RECORDED DATA:
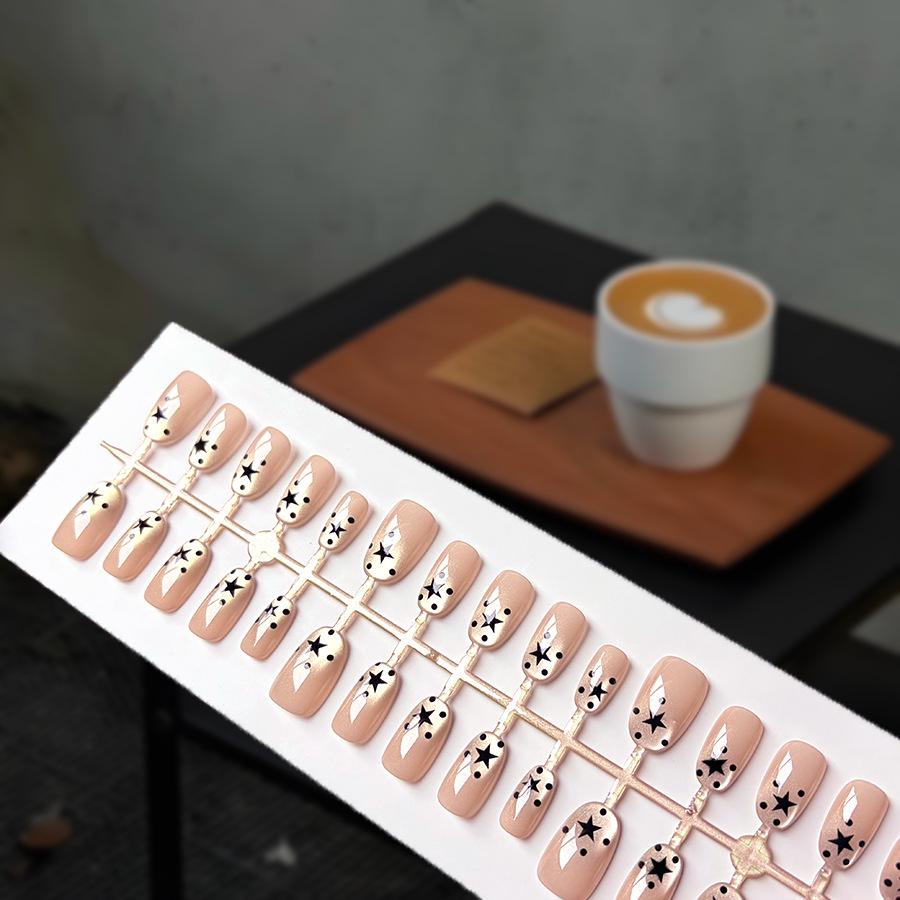 Starry Cat Eye Wearable Gel Nail Polish: Simple, Cute, and Girly Medium Short Fake Nails.
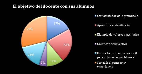 La conceptualización de webnívoro, como el docente que procesa información dentro de la sociedad de la ubicuidad para alimentar al informívoro, se apoya en los siguientes resultados. El 29% de los encuestados respondió que su objetivo como docente, con respecto a sus alumnos, es ser guía al compartir experiencia. Es decir, el webnívoro accede, selecciona, evalúa, crea y comparte información para sus alumnos (los informívoros).
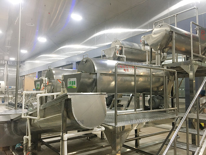 啟動園篩后應(yīng)打開中心軸噴水閥門,然后將粉碎后的粉漿均勻的送入進(jìn)料口,由螺旋推進(jìn)器等速的送入篩內(nèi),粉漿在螺旋升角為3-5°的旋轉(zhuǎn)毛刷與膠皮刮板的攪拌推動下,在篩內(nèi)翻滾前進(jìn),篩網(wǎng)采用無外支承架結(jié)構(gòu),這樣不僅提高了分離面積,而且還增加了篩網(wǎng)抖動,改善了分離效果。這種設(shè)備即利于排渣,毛刷又能刷去篩網(wǎng)表面的果膠,使篩分工作連續(xù)進(jìn)行。
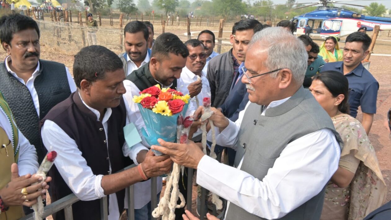 मुख्यमंत्री श्री भूपेश बघेल आज अपने बिलासपुर प्रवास के दौरान ग्रामीणों से भेंट मुलाकात करने और शासन की योजनाओं की जमीनी हकीकत जानने जिला बिलासपुर के तखतपुर विधानसभा के ग्राम खैरी पहुँचे। खैरी पहुंचने पर हेलीपैड पर अधिकारियो, जनप्रतिनिधियों एवं आमजनों ने पुष्प गुच्छ, गुलदस्ता भेंटकर उनका आत्मीय स्वागत किया। हैलीपेड में मुख्यमंत्री को देखने ग्रामीणों में भारी उत्साह था वे मुख्यमंत्री को अपने बीच पाकर काफी खुश नजर आए। मुख्यमंत्री को देखने हेलीपैड पर ग्रामीण, बच्चे, युवा, महिलाएं और बुजुर्ग बड़ी संख्या में पहुचे थे। मुख्यमंत्री श्री बघेल ने सभी जनता का स्वागत स्वीकार करते हुए सभी का अभिवादन किया। ग्राम खैरी में मुख्यमंत्री श्री बघेल के स्वागत के दौरान तखतपुर क्षेत्र की विधायक और संसदीय सचिव श्रीमती रश्मि आशीष सिंह और जनप्रतिनिधि मौजूद रहे।
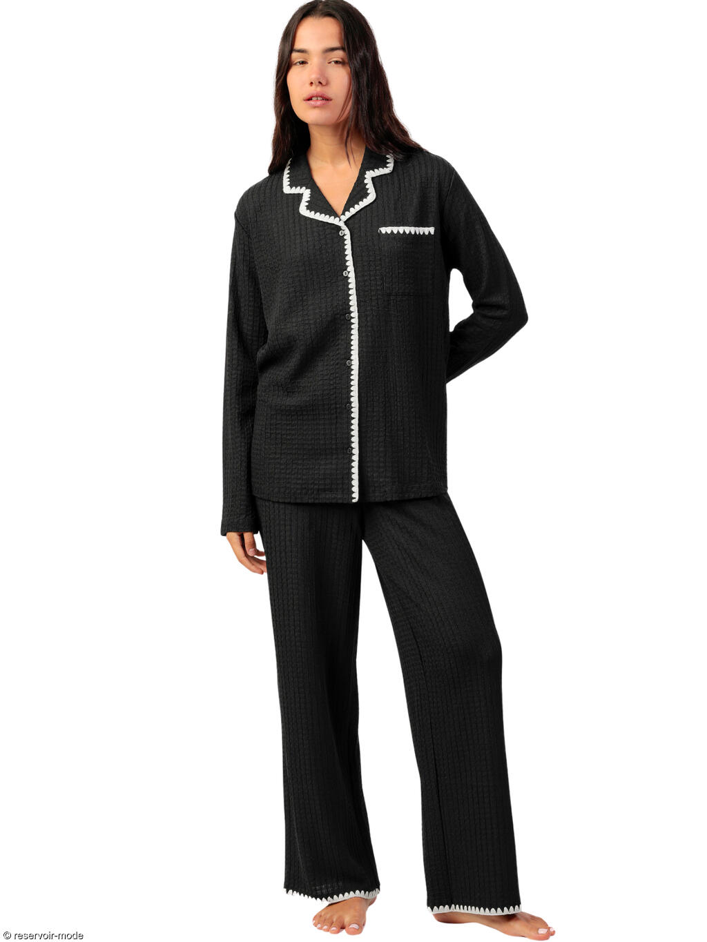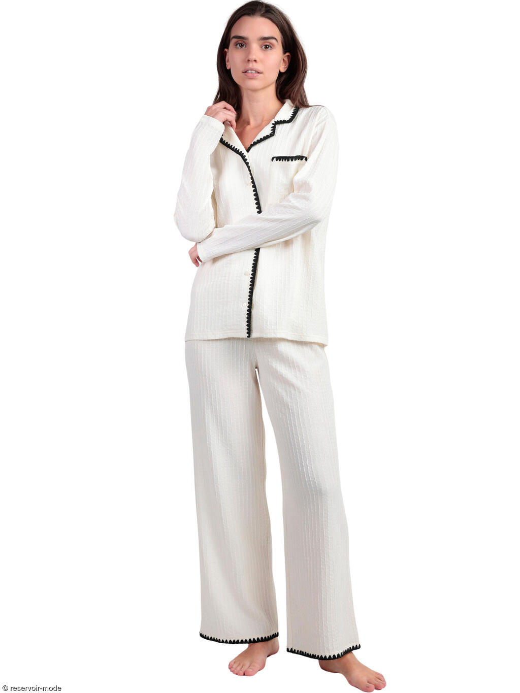 ADMAS FEMME - Ref.63615AD - Pyjama pantalon chemise manches longues Stitching
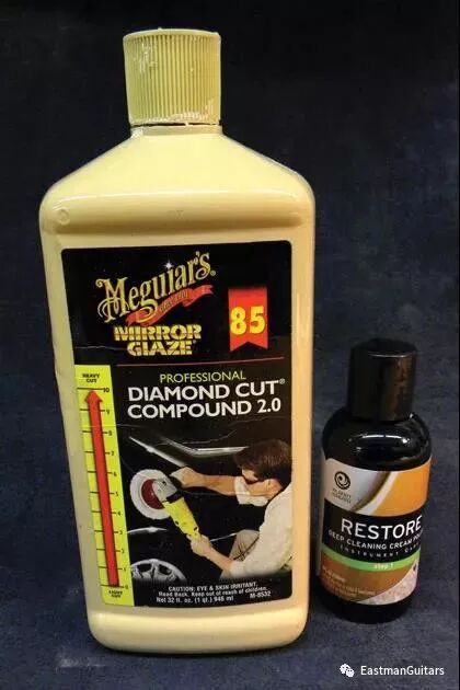 如果亮光漆面上有不少划痕,需要根据实际情况决定是否有必要抛光,取决于吉他的漆面的类型和损耗程度。如果是新琴,可以适当使用温和的抛光剂,比如Meguiar's M85 Mirror Glaze或者Planet WavesRestore。牢记!每次做抛光的时候,你都是在打磨掉一部分漆面,所以抛光频率不宜过高,尽可能地谨慎。
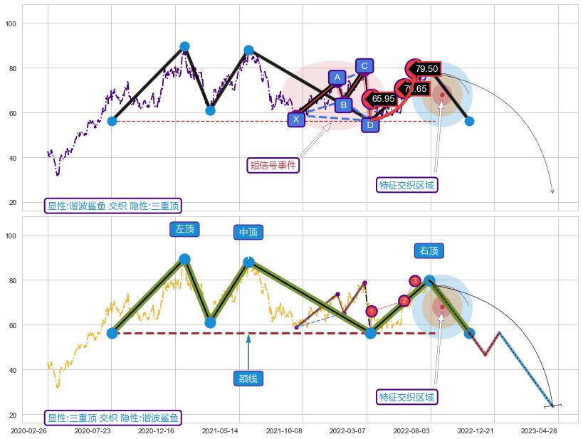 ➢ 谐波鲨鱼属【短级别信号事件】三重顶属【长级别信号事件】长短周期组合信号事件, 短长事件长度比19.76%
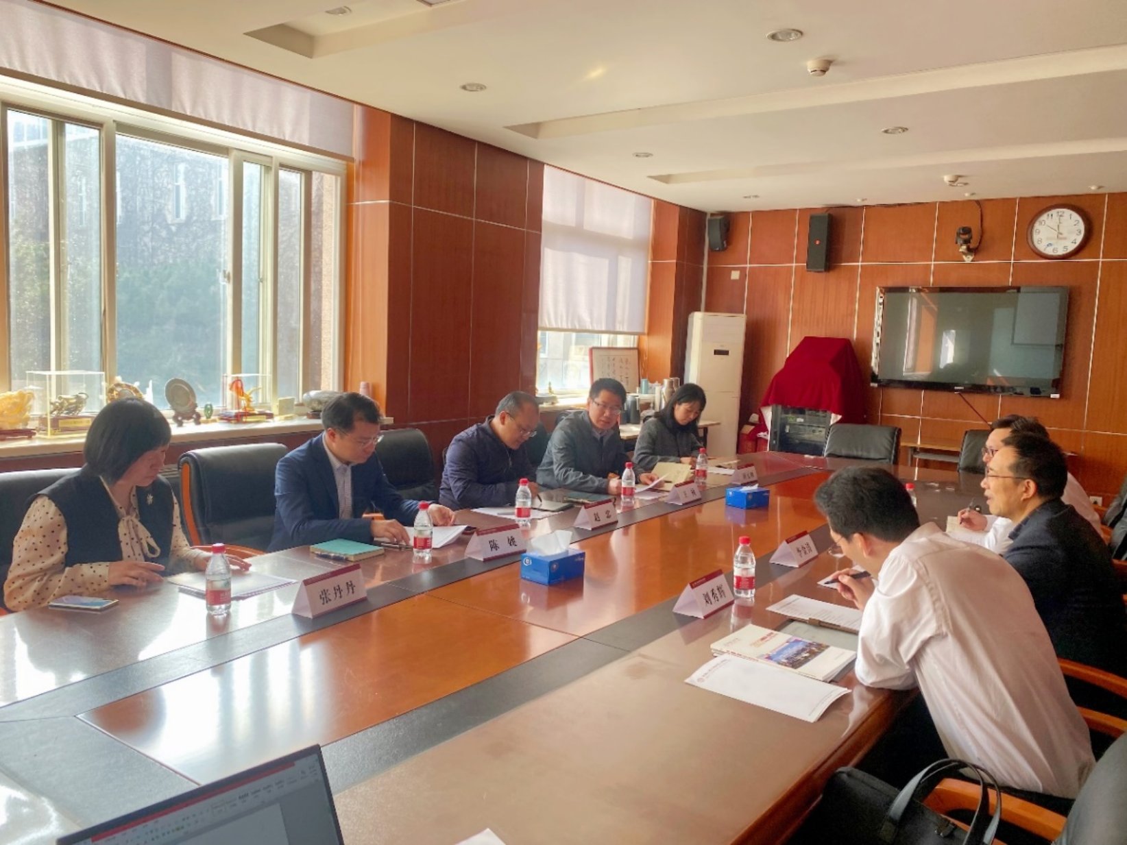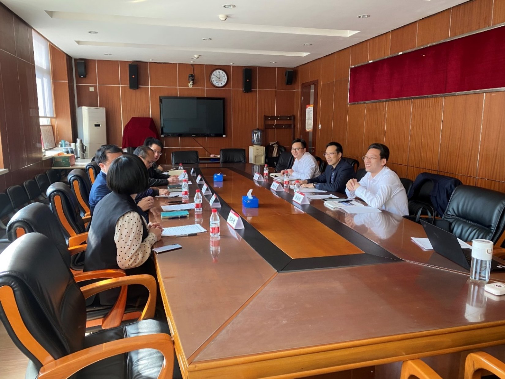 2023年3月10日上午,陕西物流集团党委委员、副总经理李金涛、人力资源部部长刘秀辉一行3人来院洽谈合作,院长赵忠教授、院党委副书记陈姚参加会见。座谈交流会由人力资源与领导力开发中心主任王桢教授主持。

BRIEF: Your output must reproduce the material above in full, with no pictures.

RESPONSE TO THIS TASK:
 Starry Cat Eye Wearable Gel Nail Polish: Simple, Cute, and Girly Medium Short Fake Nails.
 La conceptualización de webnívoro, como el docente que procesa información dentro de la sociedad de la ubicuidad para alimentar al informívoro, se apoya en los siguientes resultados. El 29% de los encuestados respondió que su objetivo como docente, con respecto a sus alumnos, es ser guía al compartir experiencia. Es decir, el webnívoro accede, selecciona, evalúa, crea y comparte información para sus alumnos (los informívoros).
 啟動園篩后應(yīng)打開中心軸噴水閥門,然后將粉碎后的粉漿均勻的送入進(jìn)料口,由螺旋推進(jìn)器等速的送入篩內(nèi),粉漿在螺旋升角為3-5°的旋轉(zhuǎn)毛刷與膠皮刮板的攪拌推動下,在篩內(nèi)翻滾前進(jìn),篩網(wǎng)采用無外支承架結(jié)構(gòu),這樣不僅提高了分離面積,而且還增加了篩網(wǎng)抖動,改善了分離效果。這種設(shè)備即利于排渣,毛刷又能刷去篩網(wǎng)表面的果膠,使篩分工作連續(xù)進(jìn)行。
 मुख्यमंत्री श्री भूपेश बघेल आज अपने बिलासपुर प्रवास के दौरान ग्रामीणों से भेंट मुलाकात करने और शासन की योजनाओं की जमीनी हकीकत जानने जिला बिलासपुर के तखतपुर विधानसभा के ग्राम खैरी पहुँचे। खैरी पहुंचने पर हेलीपैड पर अधिकारियो, जनप्रतिनिधियों एवं आमजनों ने पुष्प गुच्छ, गुलदस्ता भेंटकर उनका आत्मीय स्वागत किया। हैलीपेड में मुख्यमंत्री को देखने ग्रामीणों में भारी उत्साह था वे मुख्यमंत्री को अपने बीच पाकर काफी खुश नजर आए। मुख्यमंत्री को देखने हेलीपैड पर ग्रामीण, बच्चे, युवा, महिलाएं और बुजुर्ग बड़ी संख्या में पहुचे थे। मुख्यमंत्री श्री बघेल ने सभी जनता का स्वागत स्वीकार करते हुए सभी का अभिवादन किया। ग्राम खैरी में मुख्यमंत्री श्री बघेल के स्वागत के दौरान तखतपुर क्षेत्र की विधायक और संसदीय सचिव श्रीमती रश्मि आशीष सिंह और जनप्रतिनिधि मौजूद रहे।
 ADMAS FEMME - Ref.63615AD - Pyjama pantalon chemise manches longues Stitching
 如果亮光漆面上有不少划痕,需要根据实际情况决定是否有必要抛光,取决于吉他的漆面的类型和损耗程度。如果是新琴,可以适当使用温和的抛光剂,比如Meguiar's M85 Mirror Glaze或者Planet WavesRestore。牢记!每次做抛光的时候,你都是在打磨掉一部分漆面,所以抛光频率不宜过高,尽可能地谨慎。
 ➢ 谐波鲨鱼属【短级别信号事件】三重顶属【长级别信号事件】长短周期组合信号事件, 短长事件长度比19.76%
 2023年3月10日上午,陕西物流集团党委委员、副总经理李金涛、人力资源部部长刘秀辉一行3人来院洽谈合作,院长赵忠教授、院党委副书记陈姚参加会见。座谈交流会由人力资源与领导力开发中心主任王桢教授主持。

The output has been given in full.